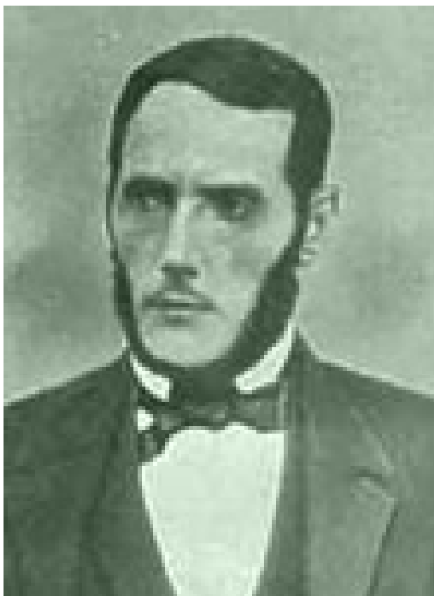
Antoine Hercule Romuald Florence (1804-1879)
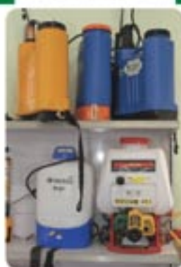
Pulverizadores costais a motor e manuais
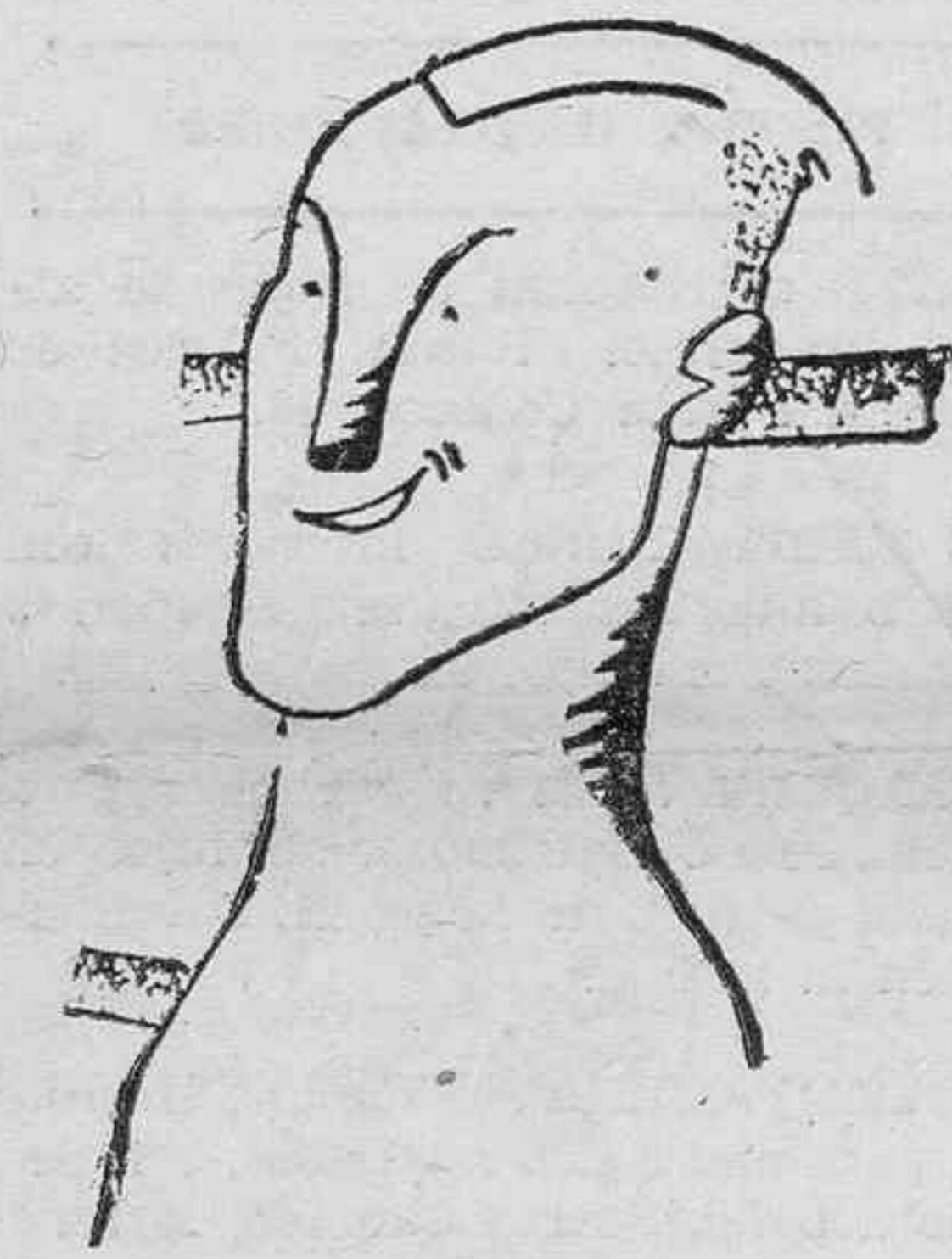
FIGURAS.—Ignacio Ara, notable pugilista.
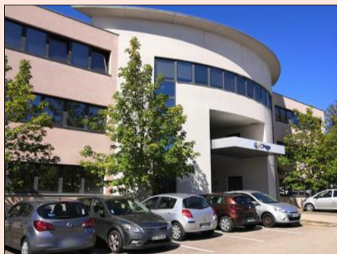
Les locaux actuels de CPage, au 19, rue de Broglie à Dijon, sont destinés à être vendus.

L'histoire de CPage commence il y a près de 40 ans, boulevard Jeanne-d'Arc, au CHU de Dijon. À l'origine, ce service informatique du centre hospitalier commence à s'étendre et à faire profiter de ces outils de développement de solutions administratives les établissements du département, puis de la région ; de fil en aiguille, elle prend la forme juridique de différentes structures ; en 2002, celle d'un groupement d'intérêt public. Au début des années 2000, CPage, qui compte environ 80 salariés, quitte le CHU pour s'installer dans de nouveaux locaux, au 19, rue de Broglie, dans le parc technologique de Dijon, où l'entreprise ne cessera de croître, avec deux extensions, en 2013 et en 2018, jusqu'à tripler ses effectifs.
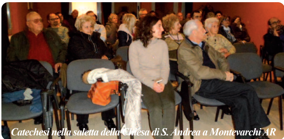
Catechesi nella saletta della Chiesa di S. Andrea a Montevarchi AR
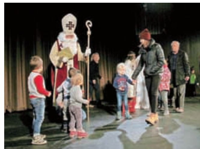
Obisk Miklavža v Kinu Železar

Mladinski center Jesenice je minuli petek v dvorani Kina Železar tudi letos pripravil tradicionalno miklavževanje. Za kulturni program so s petjem in plesom poskrbele mlade animatorke Mladinskega centra Jesenice, otroke pa je obiskal tudi Miklavž s spremstvom angelčkov in parkeljna, prinesel pa je tudi sladka darila za vse otroke. Miklavževanja se je udeležilo več kot 200 otrok.
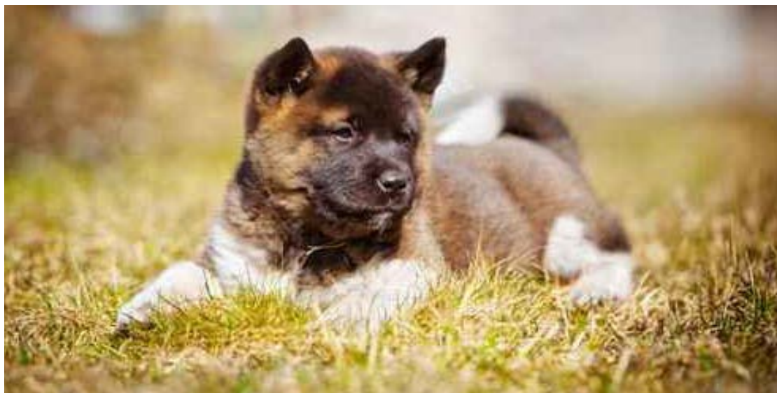
L' Akita Inu très mignon petit, est en réalité un chien de combat d'origine japonaise

Si vous n'avez pas de chat et que vous aimeriez en adopter, passez par un refuge. Beaucoup de chats y attendent une bonne famille et ils sont déjà stérilisés!
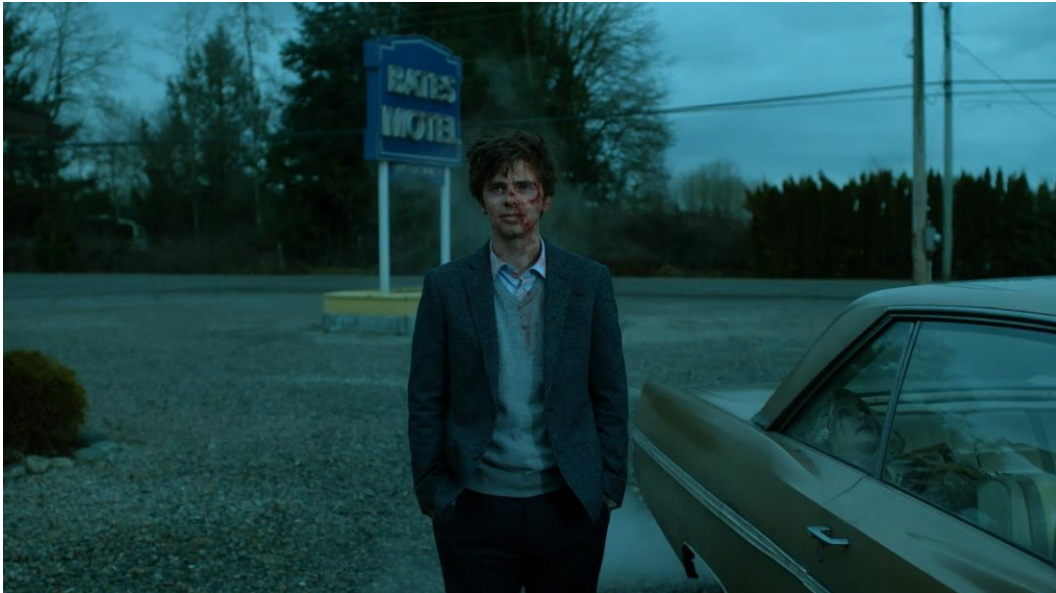
Abb. 34: Bates Motel (Staffel 5, Folge 10): The Cord (2017), 18. Minute.

allgegenwärtigen und dennoch schwer greifbaren Einsamkeitsproblematik nähern sollte. So bleibt es eine dringende Aufgabe nicht nur der Medienwissenschaften, sich an diese gegenwärtigste aller Fragen heranzutrauen, um so gemeinsam eine Vorstellung davon zu bekommen, was uns während und nach Nietzsches zweihundertjährigem Zeitalter der Einsamkeit noch bevorstehen könnte.
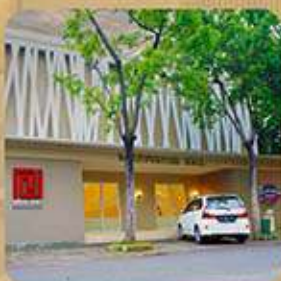
MULTI PURPOSE HALL
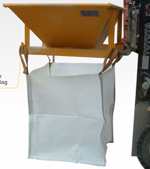
Ronds d'accrochage pour anses de Big Bag
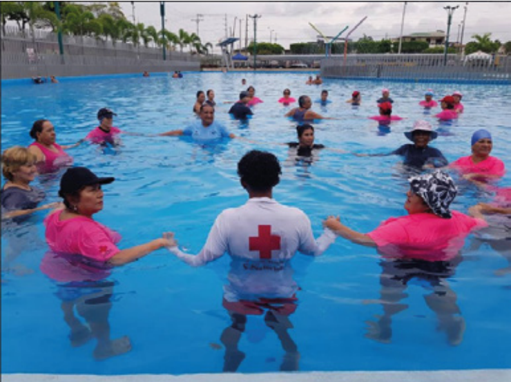
Guayas – Cuidado en el Balneario Artificial de Sauces VI
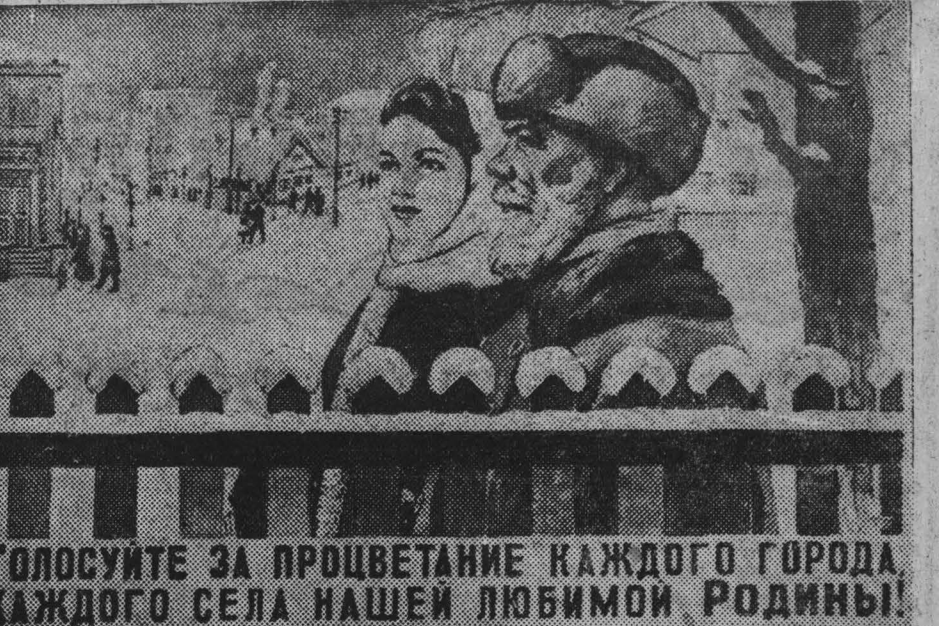
Плакаты работы художника Г. Шубиной, выпущенный издательством «Искусство» ко дню выборов в местные Советы депутатов трудящихся.

Следующее заседание рабочего комитета состоится в январе.
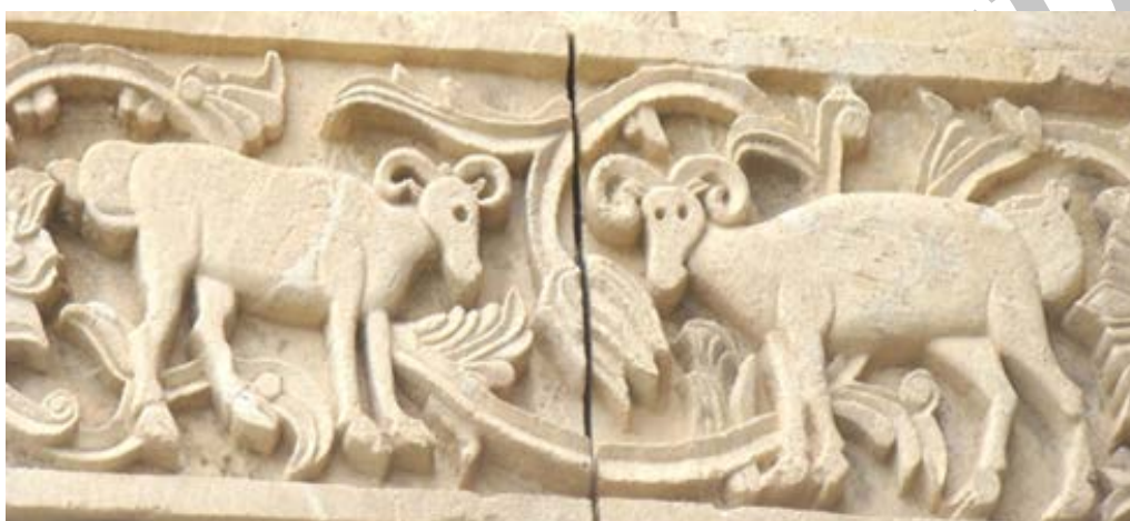
تصویر ۹. نقش قوچ در ردیف سوم (بخش بالایی) قره‌کلیسا (نگارندگان، ۱۳۹۷).

قوچ: در تصویر ۹ در میان نگاره‌های ردیف سوم قره‌کلیسا، نقش دو قوچ ارائه شده است. در این نقش دو قوچ درحالی درمقابل هم قرار گرفته‌اند که یکی از آن‌ها به صورت نیم‌رخ و دیگری تمام‌رخ به صورت ایستاده حجاری شده‌اند. نقش این جانوران به صورت طبیعی نشان داده شده و از روی شاخ‌های پیچیده و دمبه آن‌ها قابل تشخیص هستند.
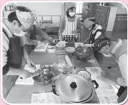
▲役割分担してお雑煮作り

1月の調理実習は、お雑煮やあんこ餅等を調理しました。会食交流後、小正月行事を行い、紙相撲や福笑い等伝統的な遊びを楽しみながら過ごしました。
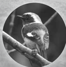
ジョウビタキ (秋～冬)
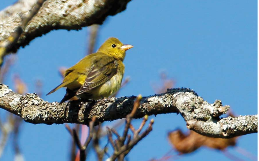
547 Scarlet Tanager / Zwartvleugeltangare Piranga olivacea , first-year male, Barra, Outer Hebrides, Scotland, 8 October 2014
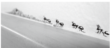
▲手すりの上をアリが行進
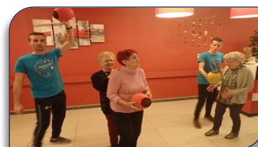
Initiation à un atelier Silver XIII Equilibre

Les atouts du programme ont aussi été remarqués par plusieurs correspondants de la presse présente (France 3 - TLM - RCF - Journal les Echos et le Progrès de Lyon)
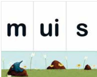
Verken de opbouw van een woord

══════════════════════════════

- **Task instructions**:
Omit the pictures and write out the lines above from the one with "547 Scarlet Tanager" through the last, unchanged.

- **Answer to the exercise**:
547 Scarlet Tanager / Zwartvleugeltangare Piranga olivacea , first-year male, Barra, Outer Hebrides, Scotland, 8 October 2014
▲手すりの上をアリが行進
Initiation à un atelier Silver XIII Equilibre

Les atouts du programme ont aussi été remarqués par plusieurs correspondants de la presse présente (France 3 - TLM - RCF - Journal les Echos et le Progrès de Lyon)
Verken de opbouw van een woord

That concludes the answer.